Дрожал. Снял драное пальтишко - тряпье ударило в нос уксусной кислой нищетой, - зачем-то отогреть пытался, как паровоз, дышал на лобик. В отчаянии искал тропинки от числа до этих невыносимо выпиравших ребер. Не отыскал. Но только долго стоял, сутулый, давший крен. Потом пошел и сразу - на знакомое пенсне: меньшевик. Приятелями были. Пенсне не медля:
- Что же? Хлеба нет?.. А у крестьян все отбирают… Уже в Тамбовской начинается… Мы ведь предупреждали… Народное хозяйство в корне расстроено…
И, выложив, блестит стекляшками: посмотрим, что он возразит? Ведь это же правда! Но Курбов молчит. Весь - ненависть.
- Уходите! Не то я вас сейчас же застрелю…

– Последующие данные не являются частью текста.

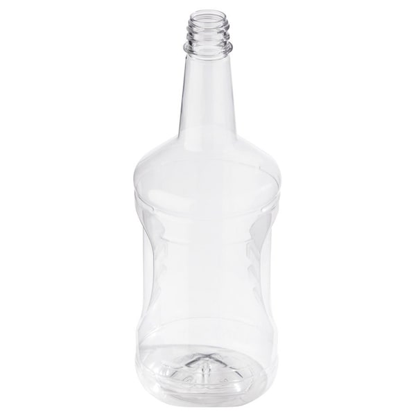 This 1.75 liter 59 oz clear PET plastic liquor bottle has a 33 mm neck finish. A long neck and a tapered body with a Ring Force Grip for better grip and hold. In clear polyethylene terephthalate PET resin, this bottle offers a good oxygen barrier, moisture barrier, and solvent fragrance barrier. In addition, it provides lightweight impact-resistant plastic to give you a beautiful alternative to glass bottles. The excellent clarity and surface gloss of PET resin expand the possibilities.

Пенсне - бегом. Поскользнулось, разбилось. И Николай неправдоподобно, как трагик в провинции, захохотал: ха! ха! Быть может, он и прав. А впрочем… Говорят, социалисты. И вот теперь на этой улице, где только что - ребра и салазки - злорадство. Нет, не слова нужны здесь, огромный пулемет. Собрать, ну, скажем, на конгресс, выстроить рядами и в полчаса всех ликвидировать.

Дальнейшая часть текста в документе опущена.